Stored records
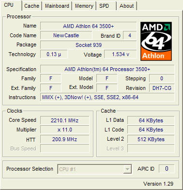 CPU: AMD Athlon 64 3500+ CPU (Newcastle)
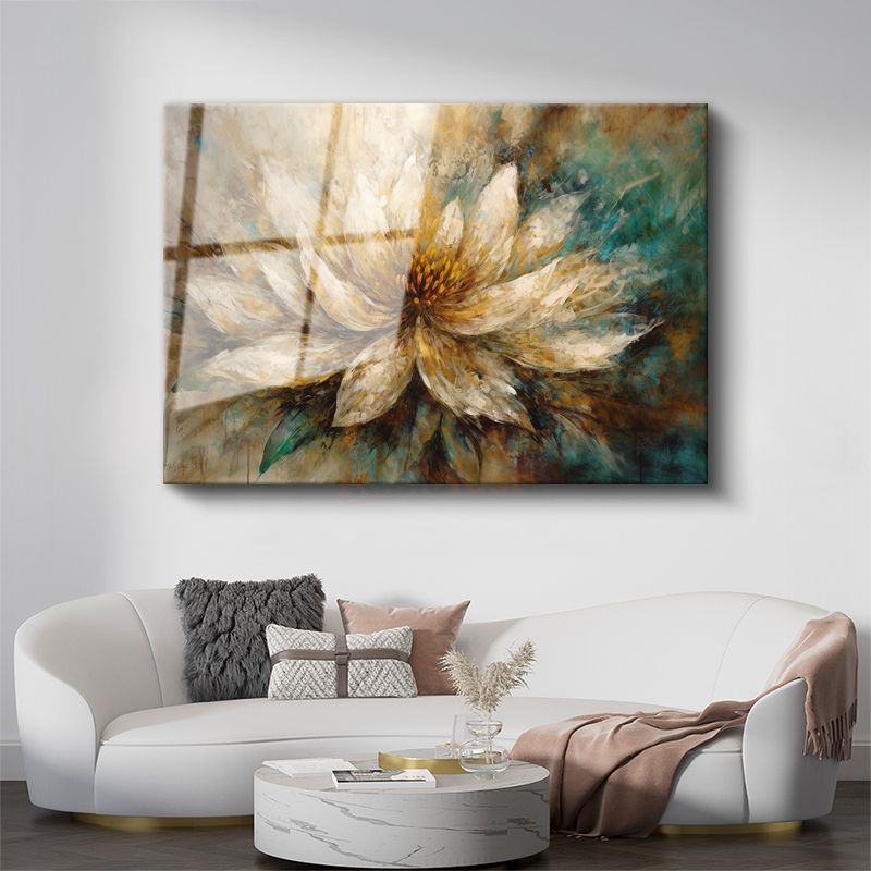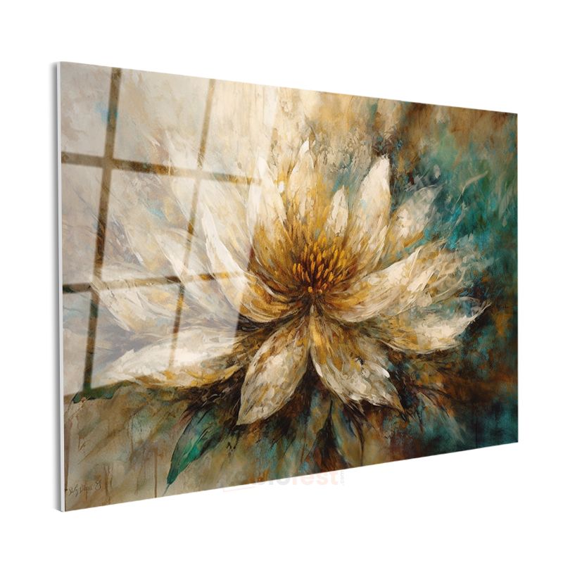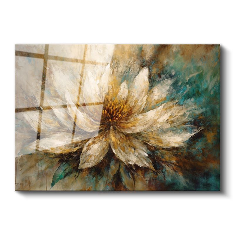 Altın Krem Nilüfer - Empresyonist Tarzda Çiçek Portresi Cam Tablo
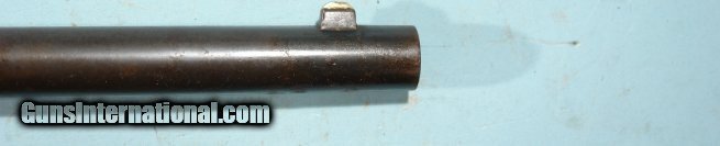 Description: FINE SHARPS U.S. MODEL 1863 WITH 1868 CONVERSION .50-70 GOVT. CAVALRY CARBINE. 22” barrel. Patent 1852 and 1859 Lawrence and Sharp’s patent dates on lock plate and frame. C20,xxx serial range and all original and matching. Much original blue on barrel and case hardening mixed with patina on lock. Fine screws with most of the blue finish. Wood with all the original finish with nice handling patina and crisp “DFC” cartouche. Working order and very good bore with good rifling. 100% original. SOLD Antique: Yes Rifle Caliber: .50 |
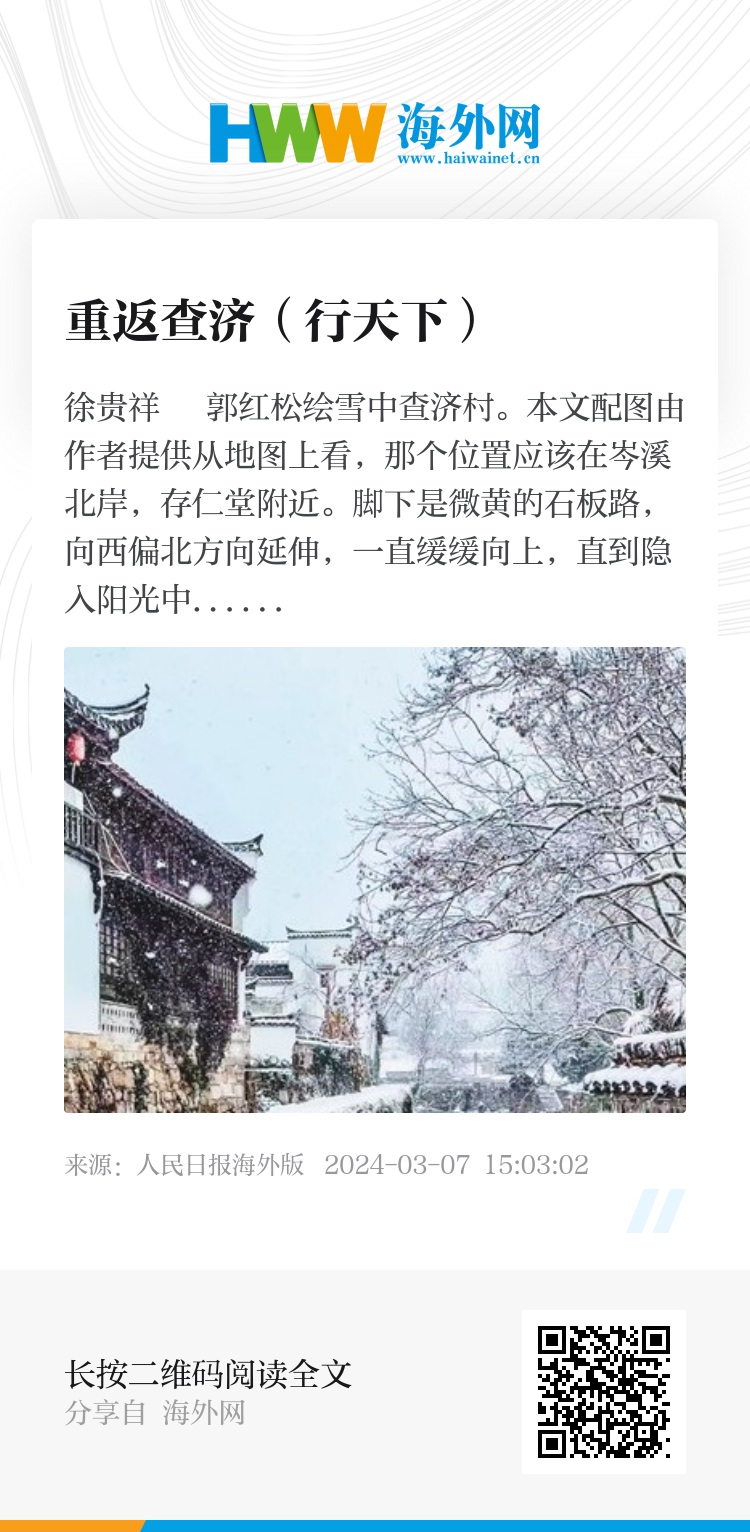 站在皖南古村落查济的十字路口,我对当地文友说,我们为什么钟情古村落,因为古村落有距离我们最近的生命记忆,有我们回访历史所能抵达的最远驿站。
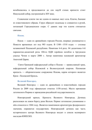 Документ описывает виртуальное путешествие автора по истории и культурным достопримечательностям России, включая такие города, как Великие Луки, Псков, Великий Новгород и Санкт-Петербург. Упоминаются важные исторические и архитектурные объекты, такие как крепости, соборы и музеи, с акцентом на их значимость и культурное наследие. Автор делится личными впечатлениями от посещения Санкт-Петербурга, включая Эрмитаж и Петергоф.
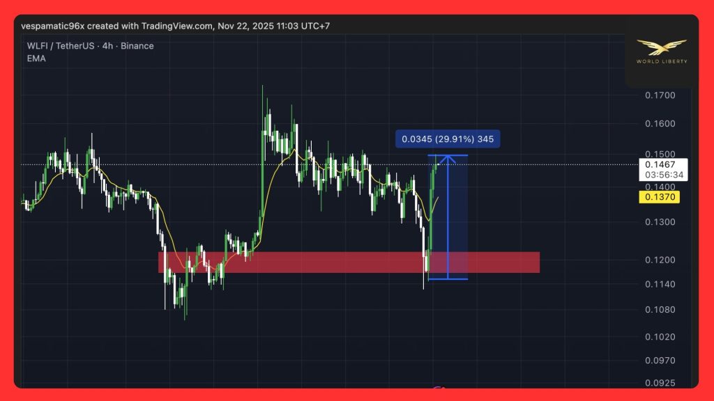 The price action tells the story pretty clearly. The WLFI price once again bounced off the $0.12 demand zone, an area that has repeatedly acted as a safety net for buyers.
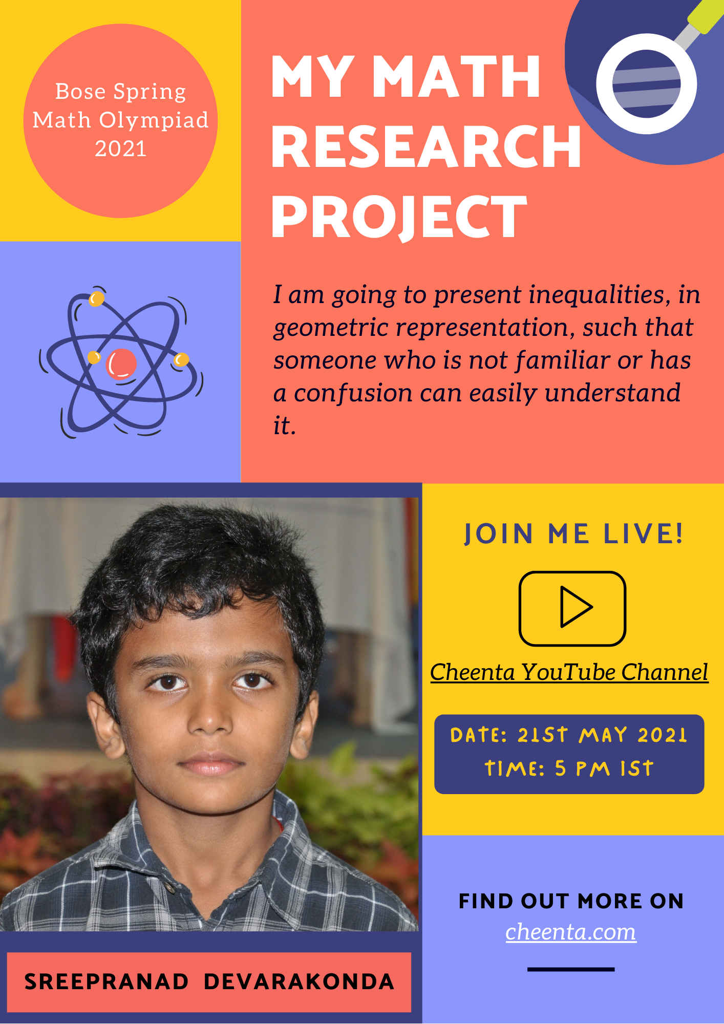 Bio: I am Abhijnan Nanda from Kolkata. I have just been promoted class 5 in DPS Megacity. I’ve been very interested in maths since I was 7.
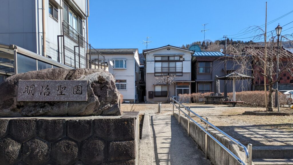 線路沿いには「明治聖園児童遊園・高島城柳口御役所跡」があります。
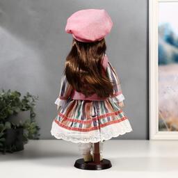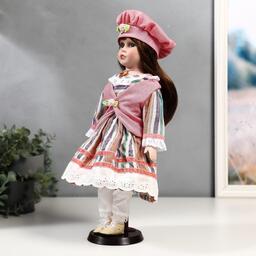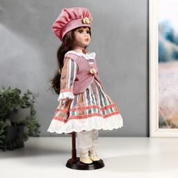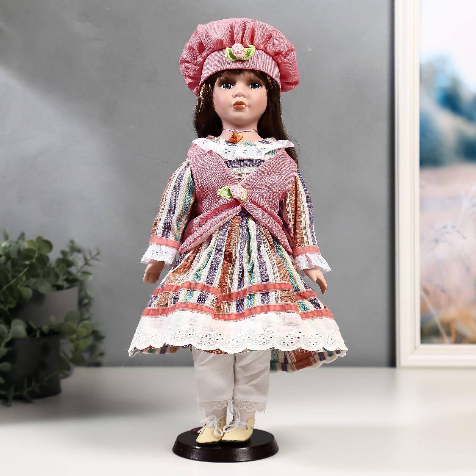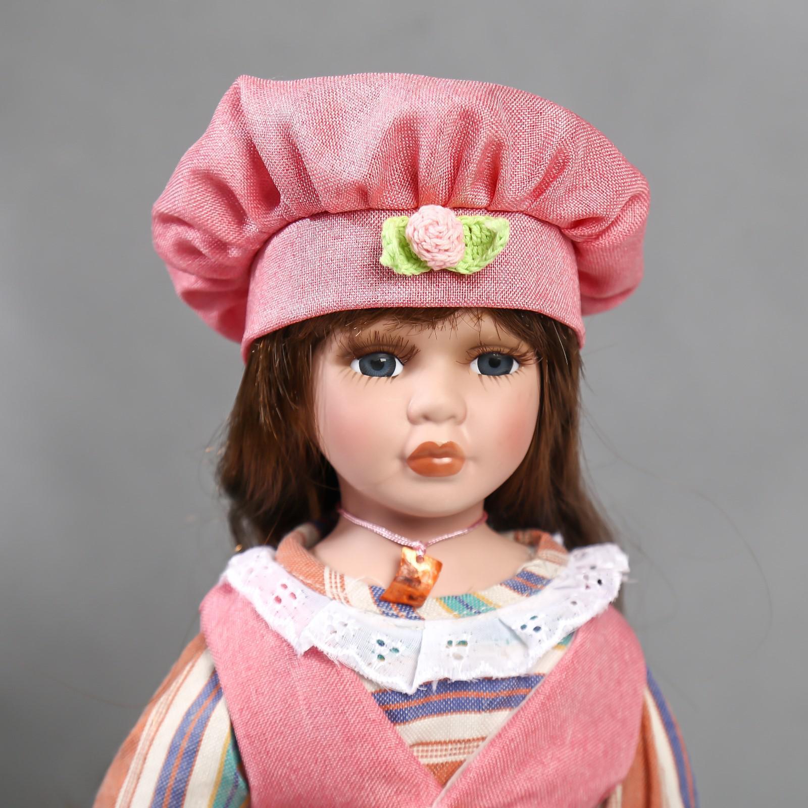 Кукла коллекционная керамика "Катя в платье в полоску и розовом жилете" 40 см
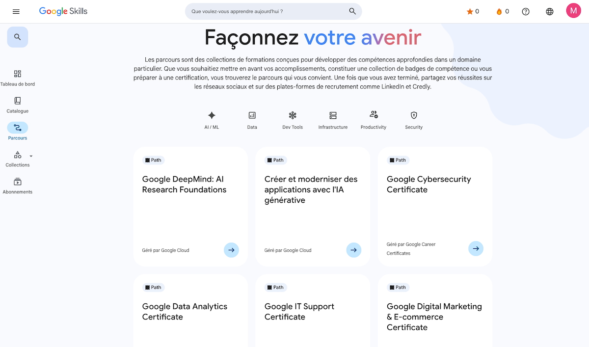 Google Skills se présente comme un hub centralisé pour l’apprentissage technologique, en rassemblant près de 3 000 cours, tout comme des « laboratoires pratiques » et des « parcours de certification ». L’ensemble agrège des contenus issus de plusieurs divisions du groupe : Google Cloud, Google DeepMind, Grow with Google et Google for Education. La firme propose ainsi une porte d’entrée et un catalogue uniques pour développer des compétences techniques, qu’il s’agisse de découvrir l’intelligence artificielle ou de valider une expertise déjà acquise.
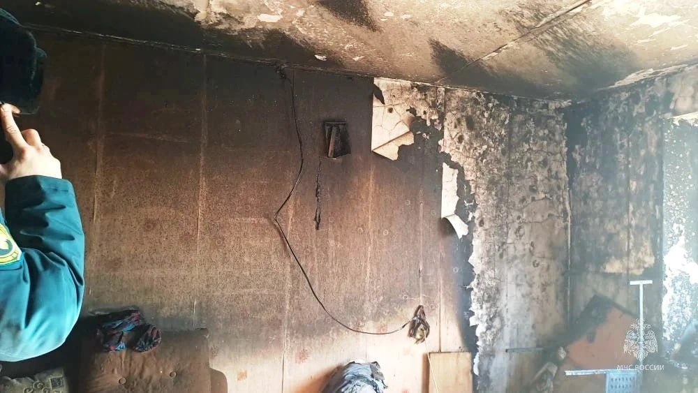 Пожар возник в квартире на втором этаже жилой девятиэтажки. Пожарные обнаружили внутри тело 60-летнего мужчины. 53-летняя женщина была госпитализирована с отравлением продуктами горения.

◆ YOUR GOAL
Copy out the entries exactly. No pictures.

◆ YOUR RESPONSE
 CPU: AMD Athlon 64 3500+ CPU (Newcastle)
 Altın Krem Nilüfer - Empresyonist Tarzda Çiçek Portresi Cam Tablo
 Description: FINE SHARPS U.S. MODEL 1863 WITH 1868 CONVERSION .50-70 GOVT. CAVALRY CARBINE. 22” barrel. Patent 1852 and 1859 Lawrence and Sharp’s patent dates on lock plate and frame. C20,xxx serial range and all original and matching. Much original blue on barrel and case hardening mixed with patina on lock. Fine screws with most of the blue finish. Wood with all the original finish with nice handling patina and crisp “DFC” cartouche. Working order and very good bore with good rifling. 100% original. SOLD Antique: Yes Rifle Caliber: .50 |
 站在皖南古村落查济的十字路口,我对当地文友说,我们为什么钟情古村落,因为古村落有距离我们最近的生命记忆,有我们回访历史所能抵达的最远驿站。
 Документ описывает виртуальное путешествие автора по истории и культурным достопримечательностям России, включая такие города, как Великие Луки, Псков, Великий Новгород и Санкт-Петербург. Упоминаются важные исторические и архитектурные объекты, такие как крепости, соборы и музеи, с акцентом на их значимость и культурное наследие. Автор делится личными впечатлениями от посещения Санкт-Петербурга, включая Эрмитаж и Петергоф.
 The price action tells the story pretty clearly. The WLFI price once again bounced off the $0.12 demand zone, an area that has repeatedly acted as a safety net for buyers.
 Bio: I am Abhijnan Nanda from Kolkata. I have just been promoted class 5 in DPS Megacity. I’ve been very interested in maths since I was 7.
 線路沿いには「明治聖園児童遊園・高島城柳口御役所跡」があります。
 Кукла коллекционная керамика "Катя в платье в полоску и розовом жилете" 40 см
 Google Skills se présente comme un hub centralisé pour l’apprentissage technologique, en rassemblant près de 3 000 cours, tout comme des « laboratoires pratiques » et des « parcours de certification ». L’ensemble agrège des contenus issus de plusieurs divisions du groupe : Google Cloud, Google DeepMind, Grow with Google et Google for Education. La firme propose ainsi une porte d’entrée et un catalogue uniques pour développer des compétences techniques, qu’il s’agisse de découvrir l’intelligence artificielle ou de valider une expertise déjà acquise.
 Пожар возник в квартире на втором этаже жилой девятиэтажки. Пожарные обнаружили внутри тело 60-летнего мужчины. 53-летняя женщина была госпитализирована с отравлением продуктами горения.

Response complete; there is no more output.